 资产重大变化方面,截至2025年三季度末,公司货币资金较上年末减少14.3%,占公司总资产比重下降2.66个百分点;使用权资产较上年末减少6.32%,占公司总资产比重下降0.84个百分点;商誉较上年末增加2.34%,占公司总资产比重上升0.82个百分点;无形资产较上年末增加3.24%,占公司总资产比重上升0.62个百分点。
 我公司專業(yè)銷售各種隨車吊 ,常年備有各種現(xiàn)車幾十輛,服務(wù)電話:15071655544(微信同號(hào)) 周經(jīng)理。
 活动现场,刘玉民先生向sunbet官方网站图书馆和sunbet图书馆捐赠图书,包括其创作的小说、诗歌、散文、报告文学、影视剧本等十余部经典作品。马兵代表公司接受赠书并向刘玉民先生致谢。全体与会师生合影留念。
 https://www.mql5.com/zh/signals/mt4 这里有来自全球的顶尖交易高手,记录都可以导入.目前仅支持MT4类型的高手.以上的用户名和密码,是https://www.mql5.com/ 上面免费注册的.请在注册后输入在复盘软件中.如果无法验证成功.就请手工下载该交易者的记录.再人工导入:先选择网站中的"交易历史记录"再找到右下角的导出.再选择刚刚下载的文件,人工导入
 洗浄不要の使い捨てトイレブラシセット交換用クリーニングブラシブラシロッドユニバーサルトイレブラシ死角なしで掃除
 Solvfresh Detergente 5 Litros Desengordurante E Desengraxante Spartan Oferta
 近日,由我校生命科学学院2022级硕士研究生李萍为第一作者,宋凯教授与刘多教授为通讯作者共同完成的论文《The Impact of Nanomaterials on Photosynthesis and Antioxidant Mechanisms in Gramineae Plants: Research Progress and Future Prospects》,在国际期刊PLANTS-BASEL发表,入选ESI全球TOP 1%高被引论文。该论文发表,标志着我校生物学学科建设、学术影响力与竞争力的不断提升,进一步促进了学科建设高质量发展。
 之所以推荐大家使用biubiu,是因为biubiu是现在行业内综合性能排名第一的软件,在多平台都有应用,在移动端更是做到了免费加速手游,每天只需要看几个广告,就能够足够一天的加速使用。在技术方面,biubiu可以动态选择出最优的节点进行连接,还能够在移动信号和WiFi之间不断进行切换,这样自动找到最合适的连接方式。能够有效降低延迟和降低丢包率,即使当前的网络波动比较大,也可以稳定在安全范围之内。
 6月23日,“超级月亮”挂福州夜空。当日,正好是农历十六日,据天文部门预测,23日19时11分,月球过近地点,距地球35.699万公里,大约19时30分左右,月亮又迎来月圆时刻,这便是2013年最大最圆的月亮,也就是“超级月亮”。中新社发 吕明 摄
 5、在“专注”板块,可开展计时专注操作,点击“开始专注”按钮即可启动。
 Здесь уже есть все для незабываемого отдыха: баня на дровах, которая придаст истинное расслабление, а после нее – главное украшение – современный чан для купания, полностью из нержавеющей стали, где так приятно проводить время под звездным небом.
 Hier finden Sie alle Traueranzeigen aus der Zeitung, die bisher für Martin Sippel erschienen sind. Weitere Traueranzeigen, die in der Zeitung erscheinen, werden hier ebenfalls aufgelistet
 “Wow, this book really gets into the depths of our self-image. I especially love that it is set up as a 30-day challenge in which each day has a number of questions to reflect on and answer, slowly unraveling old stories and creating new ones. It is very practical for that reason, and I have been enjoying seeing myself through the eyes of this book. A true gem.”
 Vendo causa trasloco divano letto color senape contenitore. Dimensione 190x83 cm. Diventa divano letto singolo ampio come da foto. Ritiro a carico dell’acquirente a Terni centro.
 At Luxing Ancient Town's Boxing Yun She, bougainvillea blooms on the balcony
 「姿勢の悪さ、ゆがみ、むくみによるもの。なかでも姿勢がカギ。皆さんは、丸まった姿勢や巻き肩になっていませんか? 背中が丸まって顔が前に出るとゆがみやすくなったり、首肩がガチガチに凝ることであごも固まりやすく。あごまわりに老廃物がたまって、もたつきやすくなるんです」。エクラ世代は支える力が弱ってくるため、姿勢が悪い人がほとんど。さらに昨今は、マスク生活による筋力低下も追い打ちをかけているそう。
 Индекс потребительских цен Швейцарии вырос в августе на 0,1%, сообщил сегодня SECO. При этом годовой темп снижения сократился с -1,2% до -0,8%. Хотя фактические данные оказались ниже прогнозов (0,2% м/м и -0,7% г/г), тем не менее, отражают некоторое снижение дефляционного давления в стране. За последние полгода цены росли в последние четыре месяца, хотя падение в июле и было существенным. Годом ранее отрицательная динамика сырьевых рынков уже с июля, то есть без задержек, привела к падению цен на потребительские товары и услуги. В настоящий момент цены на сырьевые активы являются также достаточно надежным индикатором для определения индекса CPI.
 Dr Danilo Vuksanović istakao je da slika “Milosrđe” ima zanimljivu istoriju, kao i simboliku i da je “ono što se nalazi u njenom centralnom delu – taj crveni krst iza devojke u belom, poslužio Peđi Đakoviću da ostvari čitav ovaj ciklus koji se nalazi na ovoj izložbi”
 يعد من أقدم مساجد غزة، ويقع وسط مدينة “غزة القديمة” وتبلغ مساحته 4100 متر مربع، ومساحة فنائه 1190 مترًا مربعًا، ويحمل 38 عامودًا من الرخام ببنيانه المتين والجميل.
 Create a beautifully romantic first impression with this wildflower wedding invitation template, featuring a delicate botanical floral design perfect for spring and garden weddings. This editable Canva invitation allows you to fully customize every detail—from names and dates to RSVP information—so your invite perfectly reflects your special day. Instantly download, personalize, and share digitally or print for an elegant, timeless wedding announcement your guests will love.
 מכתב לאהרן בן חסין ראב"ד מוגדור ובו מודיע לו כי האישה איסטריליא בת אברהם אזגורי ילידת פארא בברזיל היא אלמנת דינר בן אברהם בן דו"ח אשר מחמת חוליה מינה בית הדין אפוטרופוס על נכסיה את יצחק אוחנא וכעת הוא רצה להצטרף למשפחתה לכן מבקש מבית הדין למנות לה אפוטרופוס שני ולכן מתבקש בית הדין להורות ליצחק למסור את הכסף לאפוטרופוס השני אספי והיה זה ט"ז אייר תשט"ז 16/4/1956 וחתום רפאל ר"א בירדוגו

______________________________

[Exercise prompt] Every line above in which the word "love" is present must be copied into the answer.

[Task output]
 “Wow, this book really gets into the depths of our self-image. I especially love that it is set up as a 30-day challenge in which each day has a number of questions to reflect on and answer, slowly unraveling old stories and creating new ones. It is very practical for that reason, and I have been enjoying seeing myself through the eyes of this book. A true gem.”
 Create a beautifully romantic first impression with this wildflower wedding invitation template, featuring a delicate botanical floral design perfect for spring and garden weddings. This editable Canva invitation allows you to fully customize every detail—from names and dates to RSVP information—so your invite perfectly reflects your special day. Instantly download, personalize, and share digitally or print for an elegant, timeless wedding announcement your guests will love.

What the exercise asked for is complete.